A TECNOLOGIA NA MEDICINA EM TEMPOS DE PANDEMIA E O PRINCÍPIO DA CONTINUIDADE DO SERVIÇO PÚBLICO  

16/04/2020

Os efeitos da Pandemia na saúde pública

Ante situações concretas de impensáveis desafios, o mundo vivencia, no ano de 2020, um declarado estado de Pandemia  pela Covid-19, doença causada pelo denominado coronavírus” (SARS-CoV2 ou HCoV-19), conforme fala do diretor-geral da Organização Mundial de Saúde (OMS), Tedros Adhanom Ghebreyesus[1].

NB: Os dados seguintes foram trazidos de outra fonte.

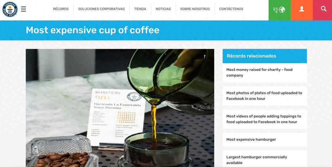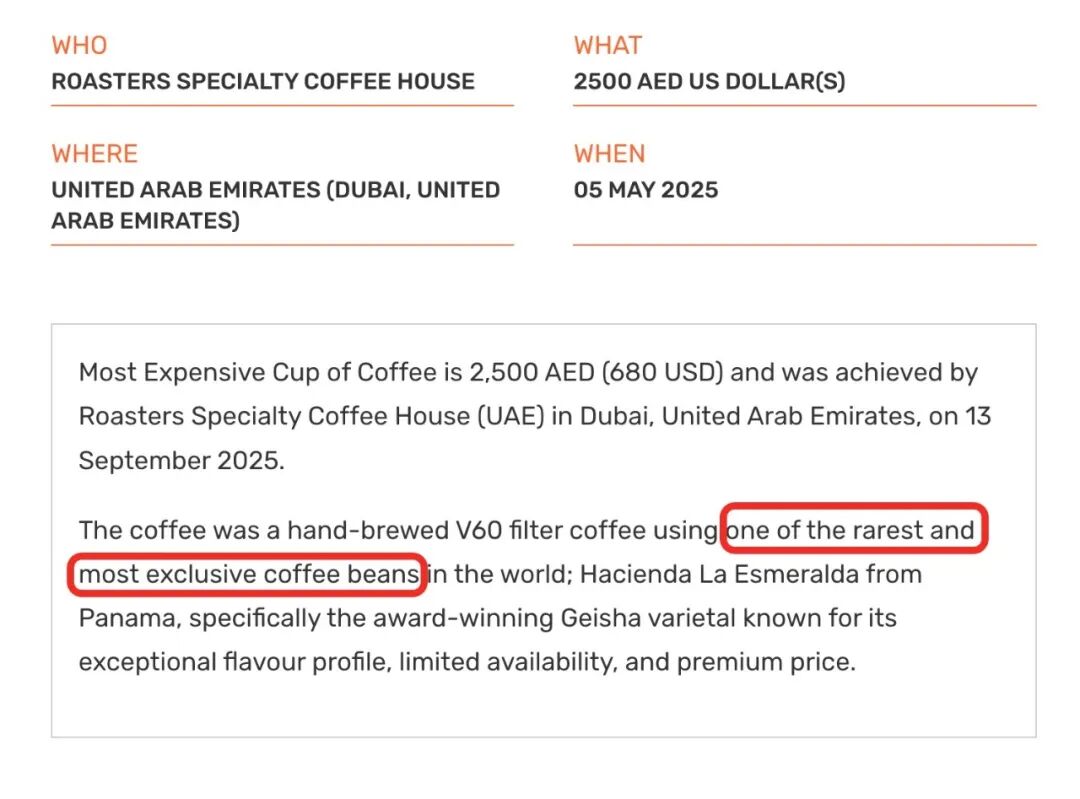 前阵子在吉尼斯世界纪录官网上搜寻一些关于咖啡的信息,发现就在今年9月份一家位于迪拜的Roasters Specialty Coffee House以每杯2500迪拉姆的价格出售世界上最昂贵的咖啡而上榜了吉尼斯世界纪录,这一杯相当于近5000块人民币的手冲咖啡所用的豆子正是来自大名鼎鼎的巴拿马翡翠庄园,在吉尼斯世界纪录的描述原文中,更是用到了one of the rarest and most exclusive coffee beans的最高级来形容这支豆子,说它是世界上最稀有、最独特的咖啡豆之一。

No cenário nacional, tem-se produzido vasto rol de atos normativos, dentre Medidas Provisórias, Decretos, Portarias e Instruções, sob o mote de minimizar o impacto da pandemia, de reduzir a mortalidade e a demanda dos sistemas de saúde, a partir de experiências de outros países já atingidos, consideradas estratégias de mitigação e supressão.

Nesse sentir, foi editada a Lei Federal nº 13.979, de 6 de fevereiro de 2020[2], estabelecendo medidas de combate ao COVID, recomendadas pela Organização Mundial de Saúde, tal como a imposição de “quarentena”, compreendida como restrição de atividades ou separação de pessoas suspeitas de contaminação.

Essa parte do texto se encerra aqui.